Tucked into the back corner of the bottom floor is a workshop-style room dubbed the "innovation lab." Inside on a recent day several people are sitting on stools and hovering over long wooden tables. Dozens of simple circuit boards -- made from nails and blocks of wood -- are scattered throughout the brightly lit space.
It's here where visitors will be able to learn how to invent and fabricate things like a potato battery or drone.
"It's all about exploration," said lab co-ordinator Ryan Jameson just before showing off some newly 3D-printed art, including a scorpion equipped with a moving tail.
"The whole centre is about being curious and staying curious because that is the first step to discovery."
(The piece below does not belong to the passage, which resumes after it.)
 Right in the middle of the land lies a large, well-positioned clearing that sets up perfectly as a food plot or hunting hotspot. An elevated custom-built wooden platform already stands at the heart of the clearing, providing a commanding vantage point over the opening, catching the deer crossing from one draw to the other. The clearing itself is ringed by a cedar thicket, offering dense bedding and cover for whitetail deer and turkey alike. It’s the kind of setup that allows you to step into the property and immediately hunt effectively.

On the second floor guests are greeted by a life-size yellow Piper J-3 Cub, a lightweight aircraft first produced in 1938. It's part of three themed galleries: flight, health and energy. Each section features interactive and hands-on activities that teach about the science behind our society, such as harnessing tidal power and human anatomy.
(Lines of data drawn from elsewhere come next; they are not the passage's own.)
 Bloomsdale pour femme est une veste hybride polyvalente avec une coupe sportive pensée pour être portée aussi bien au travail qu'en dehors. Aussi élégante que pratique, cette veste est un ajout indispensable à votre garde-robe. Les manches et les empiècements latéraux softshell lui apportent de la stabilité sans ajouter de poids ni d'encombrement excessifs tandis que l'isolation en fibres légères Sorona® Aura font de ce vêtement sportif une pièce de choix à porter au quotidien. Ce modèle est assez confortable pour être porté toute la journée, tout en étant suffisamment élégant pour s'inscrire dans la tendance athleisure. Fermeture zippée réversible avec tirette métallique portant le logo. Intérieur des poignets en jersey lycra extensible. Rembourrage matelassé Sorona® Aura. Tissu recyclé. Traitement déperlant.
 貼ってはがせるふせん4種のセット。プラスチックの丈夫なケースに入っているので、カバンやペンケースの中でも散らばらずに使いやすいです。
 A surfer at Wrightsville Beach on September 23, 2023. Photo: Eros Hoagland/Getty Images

Light pours in through large windows overlooking the Halifax Seaport Farmers' Market and the Halifax harbour on the top level of the centre, where the kids-only section is located.
There's a farm, supermarket and doctor's office -- all designed to teach children about how their cities function. Kids pull carrots and other vegetables from a soil bed and pop them through a window into the grocery store, simulating the "farm-to-table" movement.
It's also home to a relic from the original Discovery Centre: The ever-popular PVC pipe organ, which children slap with flip-flops to create music.
"Because it's hands-on, people want to stay longer. They're not just walking through and looking at things. They're getting involved and staying active," said Bercovici, descending noisy stairs that act like piano keys.
Every floor will be equipped with science, technology, engineering, arts and mathematics (STEAM) facilitators, who will be on hand to engage with visitors and offer new experiences on rolling carts.
If You Go...
The Discovery Centre opens for business on Feb. 12 and is located at 1215 Lower Water St.
It's open daily from 10 a.m. to 5 p.m., and until 8 p.m. on Wednesdays.
Admission is $12 for adults, $10 for children and seniors, and children two and under are free. A family with two adults and two children costs $40.